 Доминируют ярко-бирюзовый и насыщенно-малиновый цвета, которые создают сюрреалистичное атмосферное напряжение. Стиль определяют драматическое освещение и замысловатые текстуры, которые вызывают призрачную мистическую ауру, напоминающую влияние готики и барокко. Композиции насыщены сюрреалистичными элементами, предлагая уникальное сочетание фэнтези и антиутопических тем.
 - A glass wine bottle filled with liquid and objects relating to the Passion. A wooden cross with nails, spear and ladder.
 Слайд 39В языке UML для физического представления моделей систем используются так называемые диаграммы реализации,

● ● ●

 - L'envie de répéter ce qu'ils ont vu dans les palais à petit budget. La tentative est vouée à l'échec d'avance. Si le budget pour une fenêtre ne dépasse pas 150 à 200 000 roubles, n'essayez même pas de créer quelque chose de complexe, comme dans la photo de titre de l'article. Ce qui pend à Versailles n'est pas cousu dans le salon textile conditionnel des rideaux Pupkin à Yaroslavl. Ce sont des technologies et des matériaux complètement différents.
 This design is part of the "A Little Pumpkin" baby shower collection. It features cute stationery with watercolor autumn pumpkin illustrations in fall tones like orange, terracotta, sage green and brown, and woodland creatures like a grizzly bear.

● ● ●

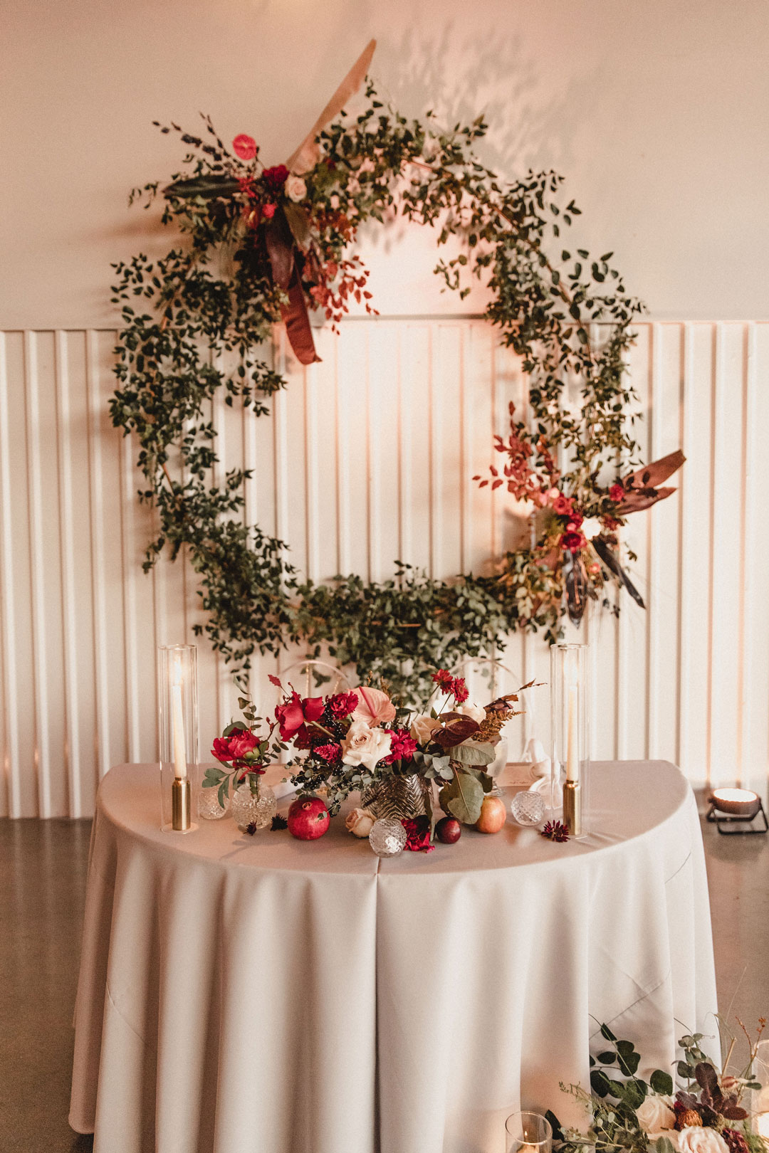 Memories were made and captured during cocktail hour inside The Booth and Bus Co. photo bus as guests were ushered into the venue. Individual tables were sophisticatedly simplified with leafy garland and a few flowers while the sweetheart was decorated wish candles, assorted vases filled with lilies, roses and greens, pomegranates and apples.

● ● ●

Given the records above, return exactly the lines starting at the line containing "- A glass wine" and ending at the line containing "Слайд 39В языке", including both.

### EXERCISE SOLUTION
 - A glass wine bottle filled with liquid and objects relating to the Passion. A wooden cross with nails, spear and ladder.
 Слайд 39В языке UML для физического представления моделей систем используются так называемые диаграммы реализации,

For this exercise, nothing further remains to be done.